Editor’s note: this was written counting stats up to but not including this weekend’s action
Sometimes as a writer, you go into a story with a preconceived notion, do some research, the research confirms your notion, and you write the article. Other times, you go into a story with an idea, do some research, and nothing matches what you originally thought.
This article is largely the latter.
The way the 2010 Flyers made the playoffs makes them a natural comparison to this year’s Flyers; both teams needed to keep fighting into the end of the year with nothing guaranteed. The 2010 Flyers ended the year 41-35-6 on 88 points, good for the No. 7 seed in the East. They had a coach who had been there less than a year (Peter Laviolette took over when Paul Holmgren had seen enough of John Stevens after 25 games).

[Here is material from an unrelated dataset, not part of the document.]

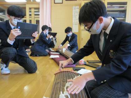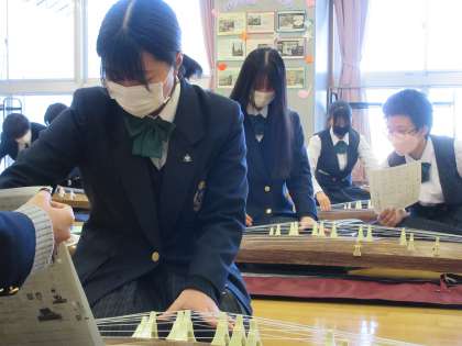 本校は、箏(こと)の和楽器実習です。演奏しているのは『さくらさくら』で、3時間の授業で取り組みます。これまでに「譜面どおりに演奏」「押し手の技法を使って1オクターブ上の音程で演奏」「変奏曲を演奏」と、3段階でレベルアップする演奏を練習してきました。

The 2016 Flyers also have a coach in Dave Hakstol who has been there less than a year. The team is slightly better in goals allowed (twelfth in the league) but much worse in scoring than the 2010 team (21st overall), and yet they’re sitting on 89 points with six games left. How is this possible?
In order to fully understand how this year’s Flyers have gotten more points than the 2010 Flyers, we have to break the season down into games with and without our favorite Calder nominee, Shayne Gostisbehere.
In the 18 games without Gostisbehere the team posted a line of 0.94 PPG (7-8-3), 2.00 goals a game, 2.77 goals allowed, 29.6 shots taken, 33.2 shots allowed compared to 58 games with Gostisbehere the team posted a much better line of 1.24 PPG (31-17-10), 2.74 goals a game, 2.46 goals allowed, 31.1 shots taken, 30.2 shots allowed.
To more fully explore his possible impact, we ran three scenarios: one where Ghost didn’t play a game in the NHL this year, one where Ghost played what he’ll likely play this year (64 games), and one where he played the whole year with the team. We then compared where the projected numbers put the Flyers in terms of league rankings. Here’s what we found:
Without Ghost, the Flyers would have been last in goals scored and shots allowed a game. They would have finished with 77 points, having ranked 20th in fewest goals allowed and 19th in shots for a game. This model is a raw projection and doesn’t factor for humanistic things like the slow start Steve Mason has had the last couple years. The Flyers would have likely finished with more than 77 points, but not by much.
Projecting the rest of the year for the Flyers with Ghost playing 64 games, they finish with 96 points, they rank 21st in scoring and 12th in fewest goals allowed. They finish 24th in fewest shots allowed and 6th in total shots taken.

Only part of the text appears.